Asked about the PATA Travel Mart and the competitive threat posed by ITB Asia, Mr. Deeson said he felt that the PTM would be able to hold its own as it was well-established and rotated around different destinations, with the two upcoming host cities being “very attractive”, Hangzhou in 2009 and Macau in 2010.

However, he agreed that it would some face financial pressure, due to both its proximity to ITB Asia and the fact that it was getting more difficult even for companies to make budget these days.

He said the PTM 2008 had yielded a bottom line figure of “close to half a million dollars”.

As part of the restructuring process, a questionnaire survey went out to members last week, seeking “quick feedback, ideas and comments” on what they would like to see PATA do in terms of delivering a better quality of programmes and services.

On the financial side, Mr. Deeson said that 2009 would be a “critical year”. Thus, membership renewal is a major focus, targetted at many who had begun to feel disenfranchised over the years.

Mr. Deeson was asked to elaborate on the final moments of last September’s board meeting in Hyderabad where the chairman Janice Antonson tersely read out a two-line statement saying that “certain anomalies had been discovered and rectified.”

Asked why no further details were provided to the board, he replied: “Because they didn’t ask. They quite clearly did not think it was that critical.”

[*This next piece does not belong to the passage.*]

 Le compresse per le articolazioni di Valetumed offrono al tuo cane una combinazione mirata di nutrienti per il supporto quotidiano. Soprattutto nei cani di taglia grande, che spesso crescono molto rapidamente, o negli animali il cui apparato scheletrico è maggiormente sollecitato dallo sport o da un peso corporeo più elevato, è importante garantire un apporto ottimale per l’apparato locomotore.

However, in the interests of transparency and disclosure, Mr. Deeson did provide more information. He said, “According to the auditors in San Francisco, they brought it to our attention that they were not sure whether the exchange rate which was used for the salaries of some senior officers of the company was being correctly advised.

“With the exchange rate in baht appreciating, the baht payment should have been reduced. The auditors did not make any judgment, just brought it to the attention of the PATA committee members. The matter was subsequently considered in the audit and finance committee, and has been rectified.”

He said the differential amounts had been repaid to PATA. He varyingly described it as an “accounting error”, “an administrative error,” a “misreading of the contract”. He said there was “never any suggestion that anything had been done illegally.”

Asked over what time frame this had been going on for, he replied, “less than two years.” Asked why it had only been detected this year, he said: “I guess they only checked it this year.”

The whole issue had placed governance “very much on our radar screen.”

On other issues, Mr. Deeson refuted rumours that the PATA HQ will be moved from Bangkok. “This has never, ever been mentioned in any of the meetings I have attended. In fact, we have just marked the 10th anniversary of our move to Bangkok.”